> DATA FOR REVIEW
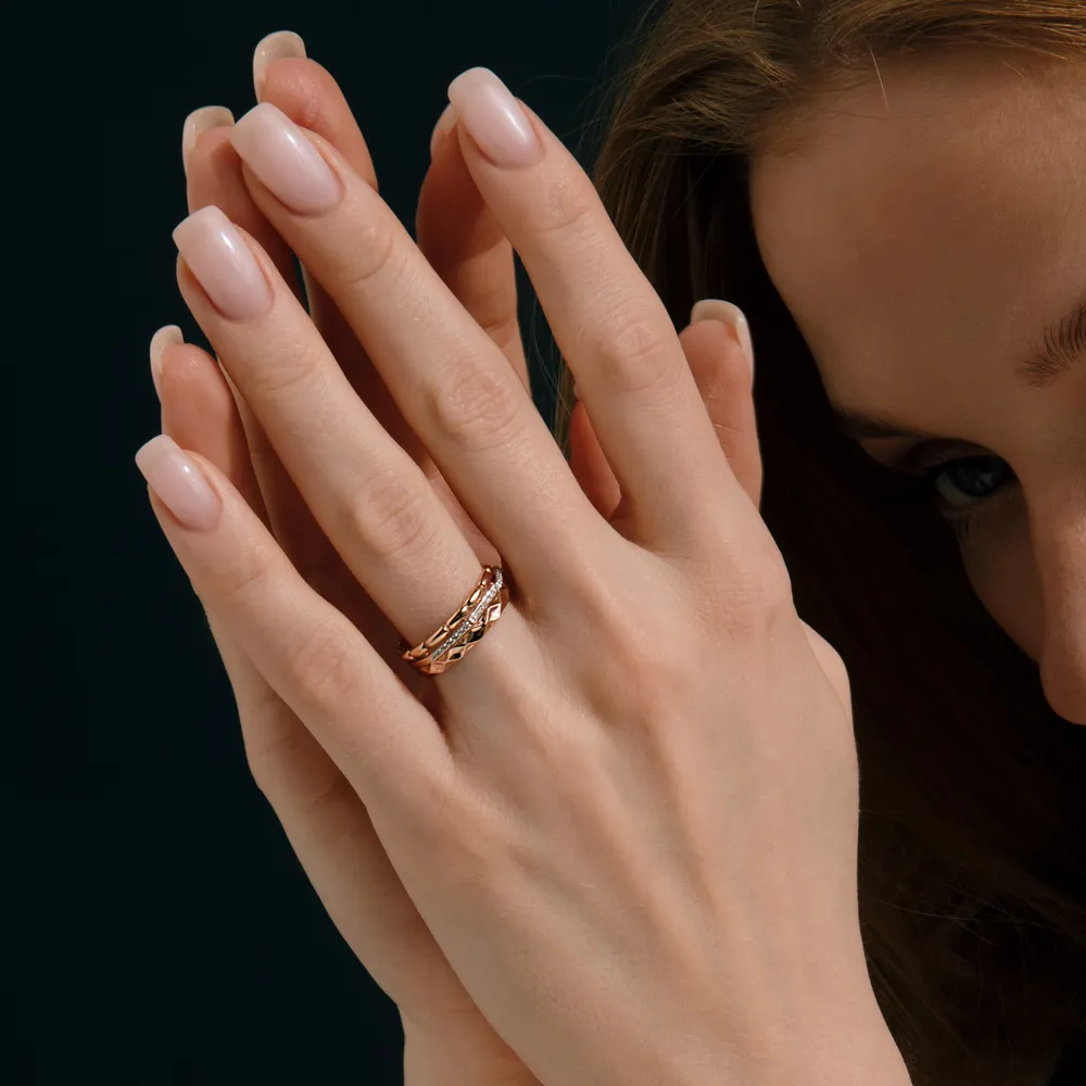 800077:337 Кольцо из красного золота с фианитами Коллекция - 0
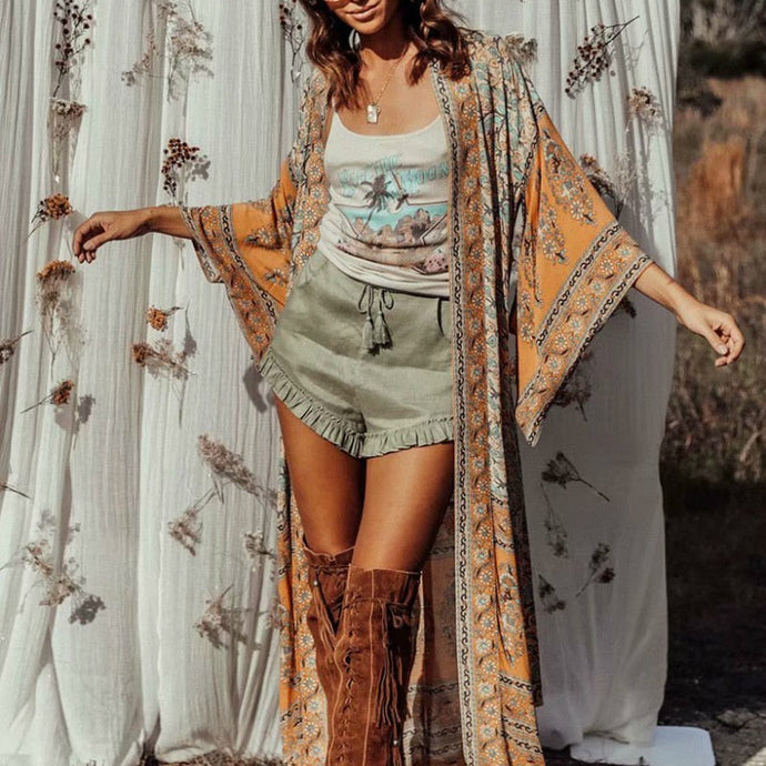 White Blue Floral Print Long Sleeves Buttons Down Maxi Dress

--

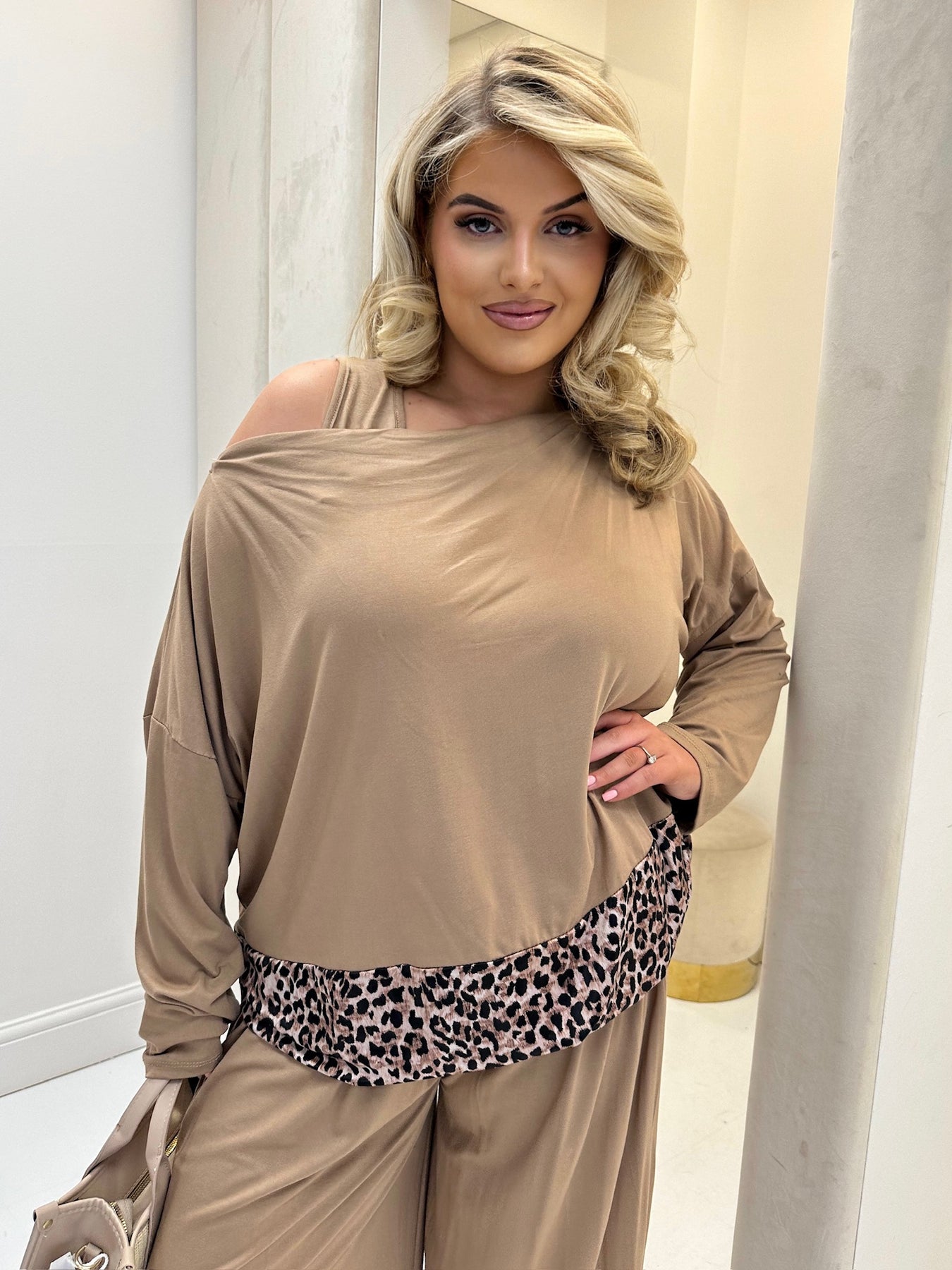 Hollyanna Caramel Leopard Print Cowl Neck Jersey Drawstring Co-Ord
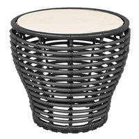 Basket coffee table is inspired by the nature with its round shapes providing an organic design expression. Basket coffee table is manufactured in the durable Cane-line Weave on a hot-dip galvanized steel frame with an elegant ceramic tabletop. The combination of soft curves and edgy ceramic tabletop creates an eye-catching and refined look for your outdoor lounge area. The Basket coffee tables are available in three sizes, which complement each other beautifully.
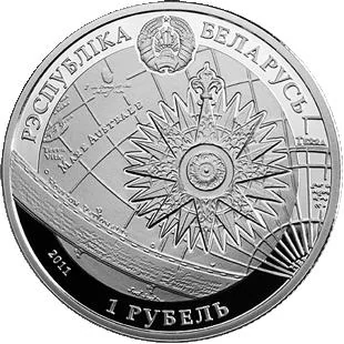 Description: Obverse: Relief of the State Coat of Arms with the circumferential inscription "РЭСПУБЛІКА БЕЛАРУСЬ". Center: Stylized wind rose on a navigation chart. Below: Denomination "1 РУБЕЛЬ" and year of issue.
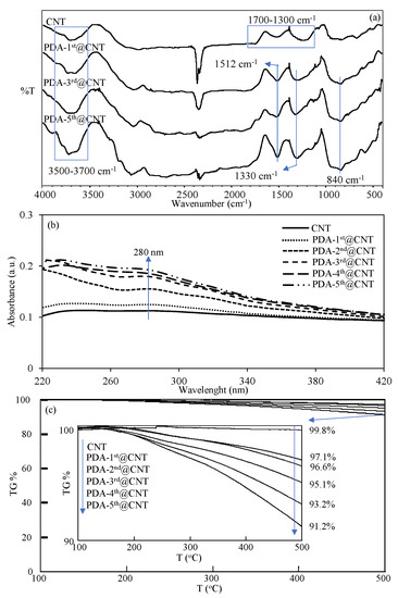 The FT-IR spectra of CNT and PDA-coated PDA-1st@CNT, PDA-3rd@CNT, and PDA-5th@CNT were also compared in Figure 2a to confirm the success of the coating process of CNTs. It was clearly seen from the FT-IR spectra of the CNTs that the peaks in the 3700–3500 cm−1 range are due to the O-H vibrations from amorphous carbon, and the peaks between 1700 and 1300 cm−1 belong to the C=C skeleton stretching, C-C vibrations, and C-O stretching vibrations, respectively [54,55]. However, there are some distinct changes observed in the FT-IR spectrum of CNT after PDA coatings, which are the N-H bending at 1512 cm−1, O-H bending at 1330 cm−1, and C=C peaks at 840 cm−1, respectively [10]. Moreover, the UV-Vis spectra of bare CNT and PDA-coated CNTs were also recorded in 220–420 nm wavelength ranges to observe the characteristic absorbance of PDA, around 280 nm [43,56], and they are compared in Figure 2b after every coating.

> PROBLEM DESCRIPTION
When copying from the data above, print only the lines from the line containing "800077:337 Кольцо из" to the line containing "White Blue Floral", exactly, and leave the pictures out.

> REPLY TO THE TASK
 800077:337 Кольцо из красного золота с фианитами Коллекция - 0
 White Blue Floral Print Long Sleeves Buttons Down Maxi Dress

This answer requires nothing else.